WHAT TO WORK ON: Within the records below, find the line with "上周哥们陪未婚妻去挑龙凤镯。" and the line with "Мотор лодочный болотоход", then reproduce exactly those two lines and all lines between them, without any picture.

Segment Start: RECORDS TO USE

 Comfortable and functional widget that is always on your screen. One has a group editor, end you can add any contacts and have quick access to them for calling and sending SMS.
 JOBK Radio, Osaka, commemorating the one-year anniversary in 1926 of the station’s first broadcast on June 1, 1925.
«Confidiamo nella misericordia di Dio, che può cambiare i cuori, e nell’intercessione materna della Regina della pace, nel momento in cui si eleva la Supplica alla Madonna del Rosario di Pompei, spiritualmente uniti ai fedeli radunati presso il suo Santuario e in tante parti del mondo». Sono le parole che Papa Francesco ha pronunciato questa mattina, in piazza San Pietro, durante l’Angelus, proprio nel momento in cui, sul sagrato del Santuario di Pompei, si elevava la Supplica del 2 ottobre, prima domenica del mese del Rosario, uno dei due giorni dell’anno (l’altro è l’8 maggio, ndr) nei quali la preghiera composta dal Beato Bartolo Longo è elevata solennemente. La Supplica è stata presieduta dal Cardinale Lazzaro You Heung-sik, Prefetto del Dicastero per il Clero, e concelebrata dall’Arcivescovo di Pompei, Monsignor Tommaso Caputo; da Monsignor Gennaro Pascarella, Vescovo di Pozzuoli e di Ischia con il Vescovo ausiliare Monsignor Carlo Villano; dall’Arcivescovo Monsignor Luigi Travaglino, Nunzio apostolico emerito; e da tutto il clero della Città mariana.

Segment End: RECORDS TO USE
Segment Start: RECORDS TO USE

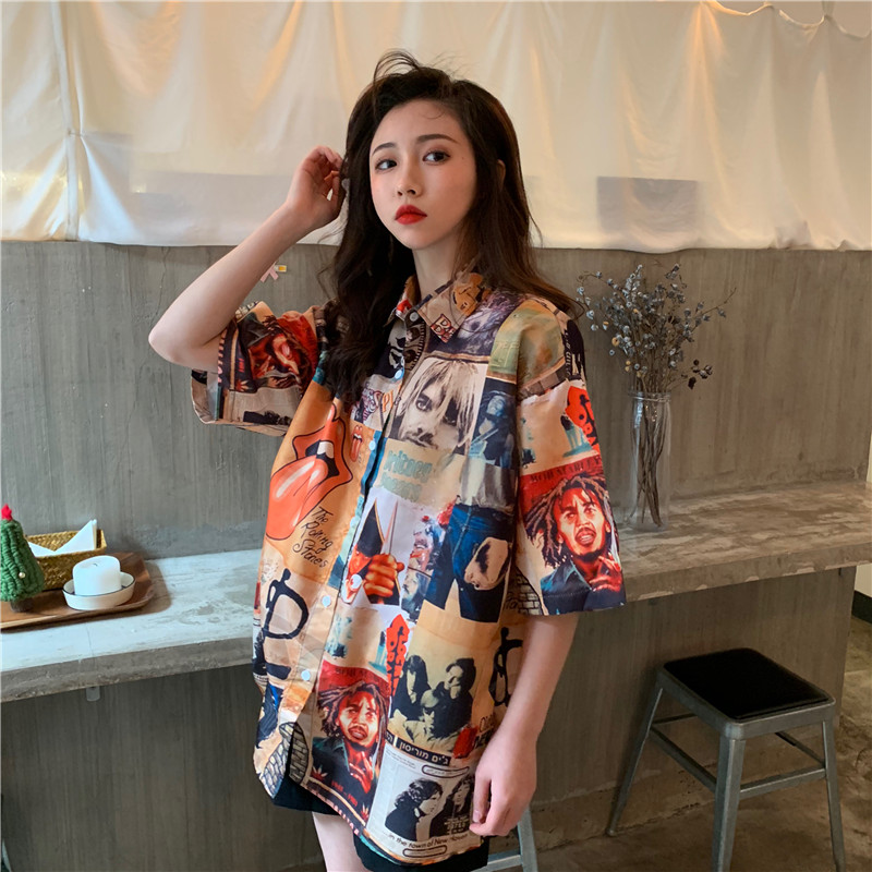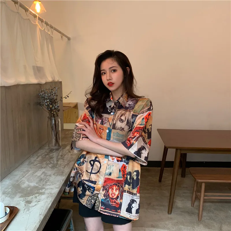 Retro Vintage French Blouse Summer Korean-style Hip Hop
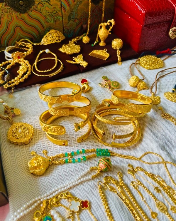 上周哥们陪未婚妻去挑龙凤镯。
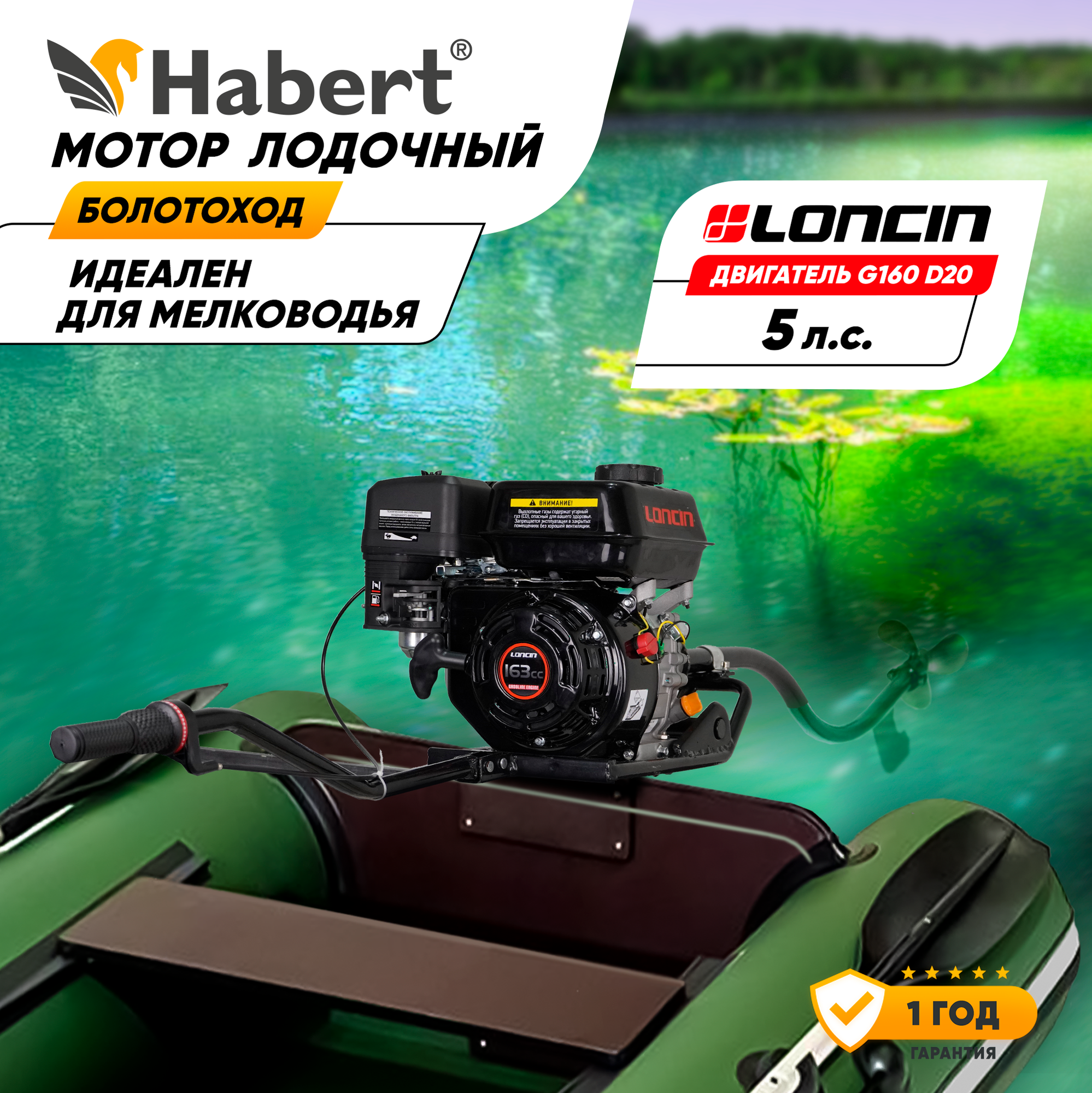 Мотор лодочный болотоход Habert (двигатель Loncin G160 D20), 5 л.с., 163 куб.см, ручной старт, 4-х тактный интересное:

Segment End: RECORDS TO USE

RESPONSE BOX:
 上周哥们陪未婚妻去挑龙凤镯。
 Мотор лодочный болотоход Habert (двигатель Loncin G160 D20), 5 л.с., 163 куб.см, ручной старт, 4-х тактный интересное:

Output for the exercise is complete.